◆ What is expected
Required from the data below: the exact lines starting at the line containing "Je kunt ook" and ending at the line containing "لتفسير هذا الأمر", with both ends kept and all pictures dropped.

◆ Raw data
>>>

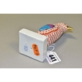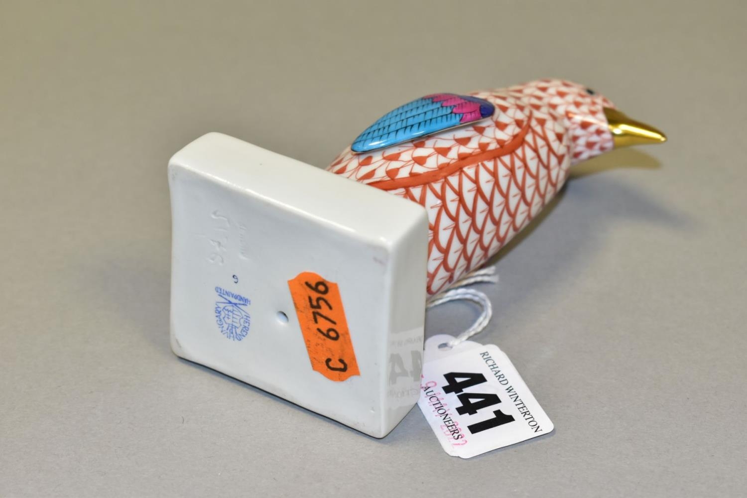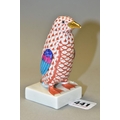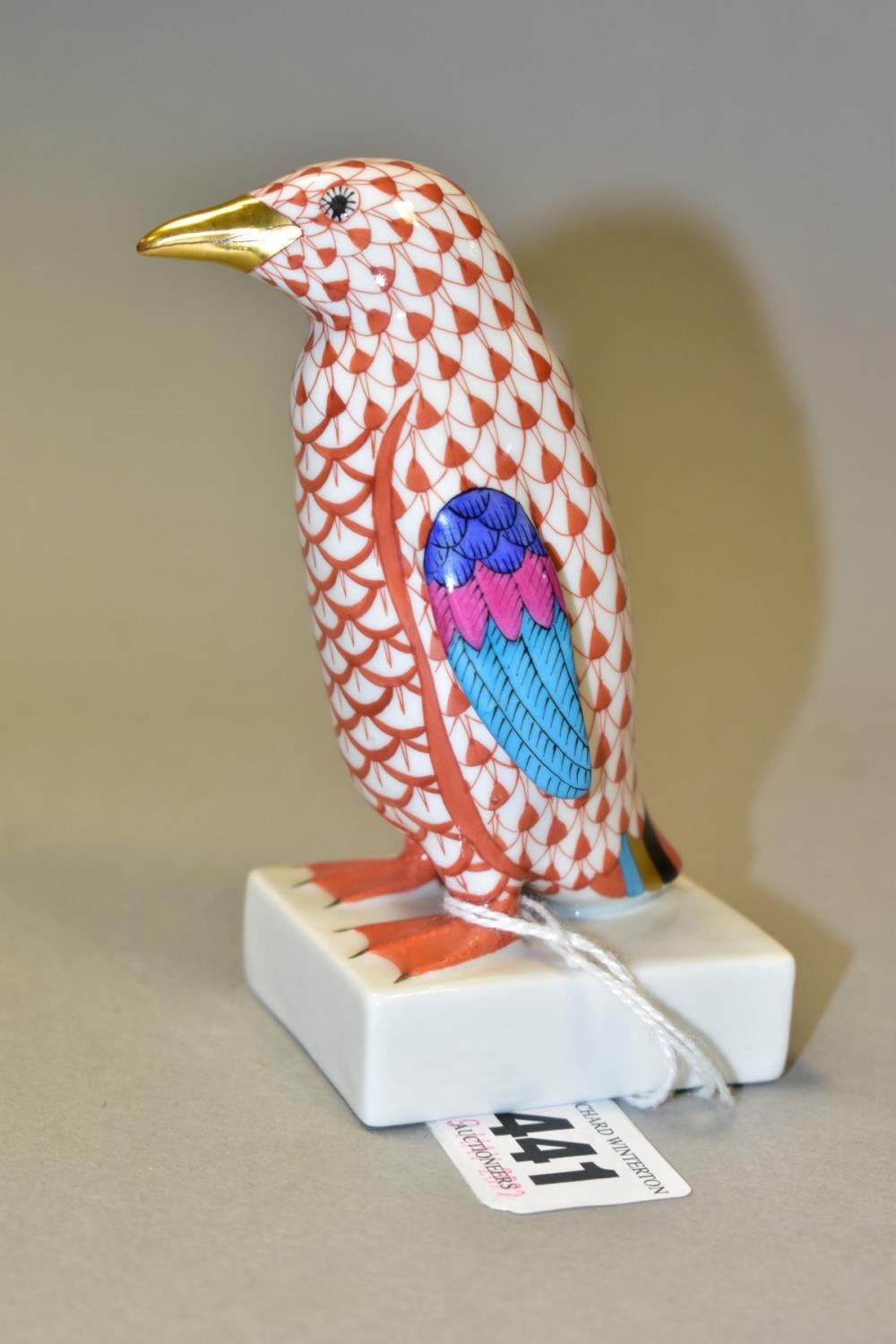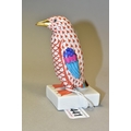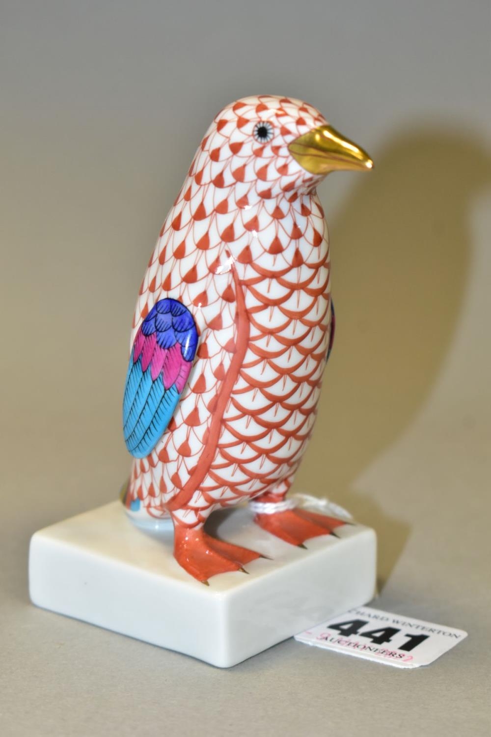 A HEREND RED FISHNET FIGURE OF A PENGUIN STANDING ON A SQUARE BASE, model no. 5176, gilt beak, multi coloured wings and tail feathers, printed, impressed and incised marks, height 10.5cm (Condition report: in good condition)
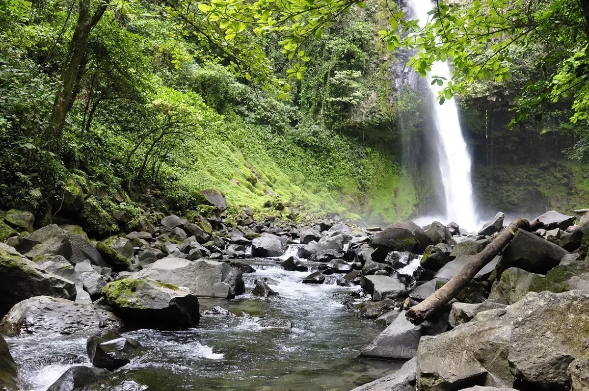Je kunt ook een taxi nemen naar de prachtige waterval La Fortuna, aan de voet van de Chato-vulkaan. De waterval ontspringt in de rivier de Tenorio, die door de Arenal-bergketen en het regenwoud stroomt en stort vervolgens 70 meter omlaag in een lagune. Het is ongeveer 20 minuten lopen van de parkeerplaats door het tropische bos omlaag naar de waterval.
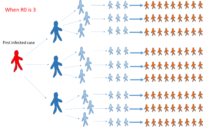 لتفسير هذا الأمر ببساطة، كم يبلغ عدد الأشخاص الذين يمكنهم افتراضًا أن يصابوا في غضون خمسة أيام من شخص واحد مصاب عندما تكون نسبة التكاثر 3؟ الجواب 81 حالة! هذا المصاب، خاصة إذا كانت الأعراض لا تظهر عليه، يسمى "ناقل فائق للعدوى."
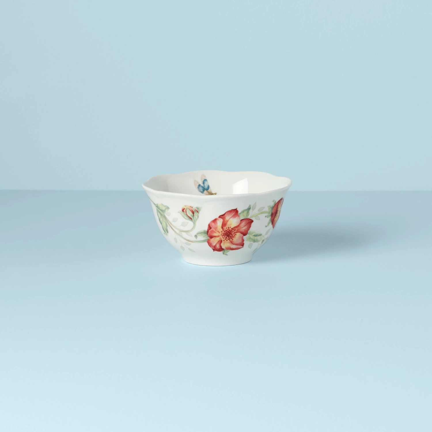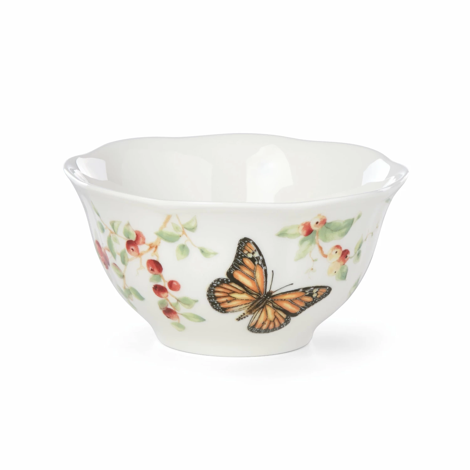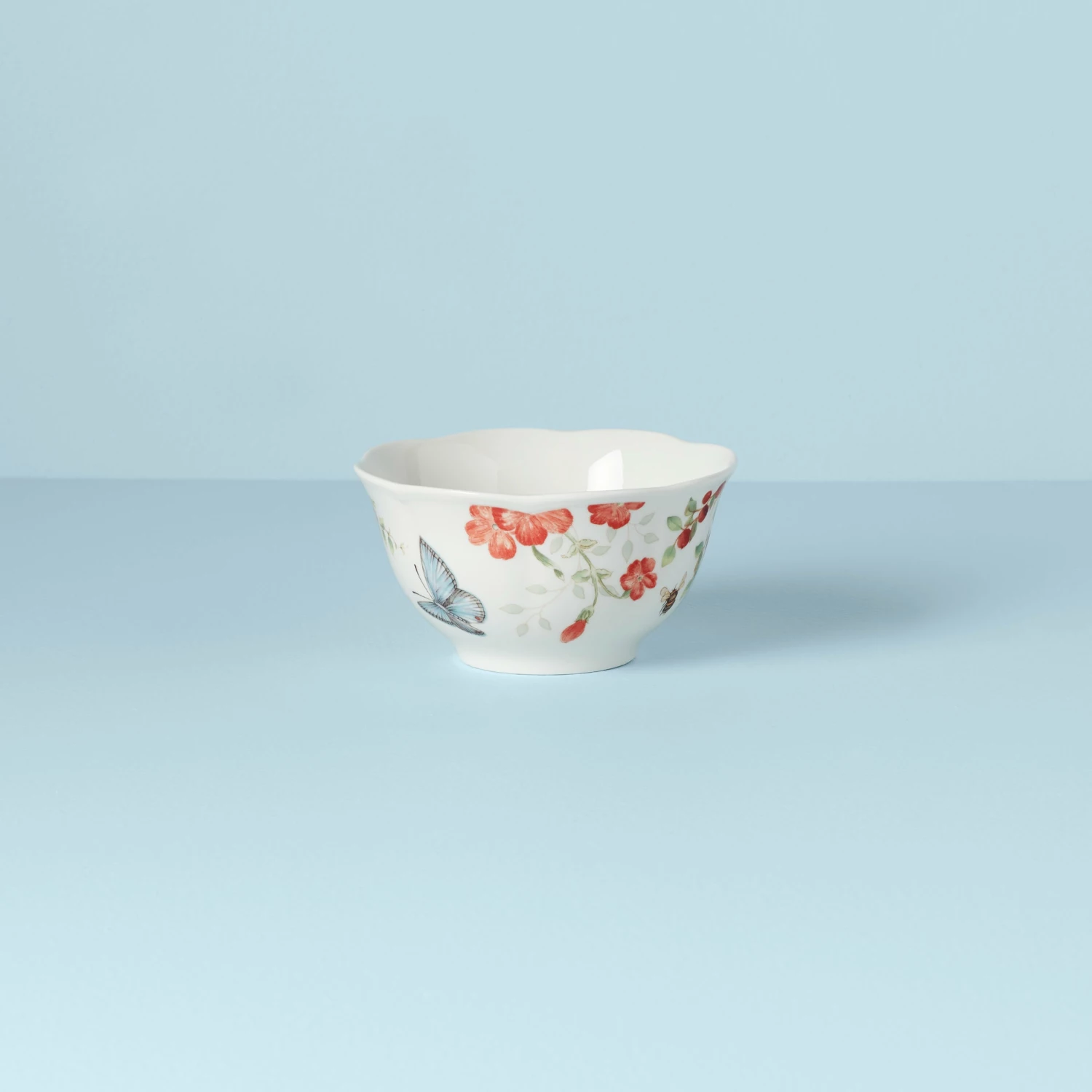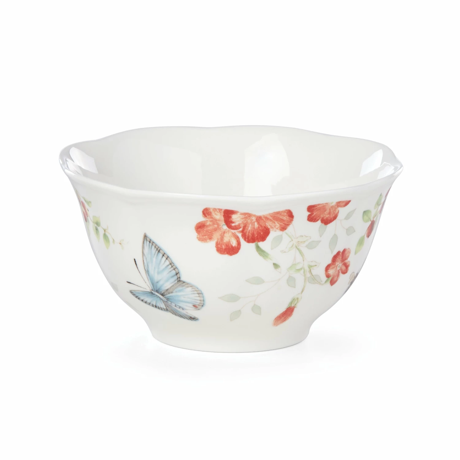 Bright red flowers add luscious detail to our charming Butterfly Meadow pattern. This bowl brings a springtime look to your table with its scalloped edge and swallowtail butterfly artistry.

<<<

◆ Finished exercise
Je kunt ook een taxi nemen naar de prachtige waterval La Fortuna, aan de voet van de Chato-vulkaan. De waterval ontspringt in de rivier de Tenorio, die door de Arenal-bergketen en het regenwoud stroomt en stort vervolgens 70 meter omlaag in een lagune. Het is ongeveer 20 minuten lopen van de parkeerplaats door het tropische bos omlaag naar de waterval.
 لتفسير هذا الأمر ببساطة، كم يبلغ عدد الأشخاص الذين يمكنهم افتراضًا أن يصابوا في غضون خمسة أيام من شخص واحد مصاب عندما تكون نسبة التكاثر 3؟ الجواب 81 حالة! هذا المصاب، خاصة إذا كانت الأعراض لا تظهر عليه، يسمى "ناقل فائق للعدوى."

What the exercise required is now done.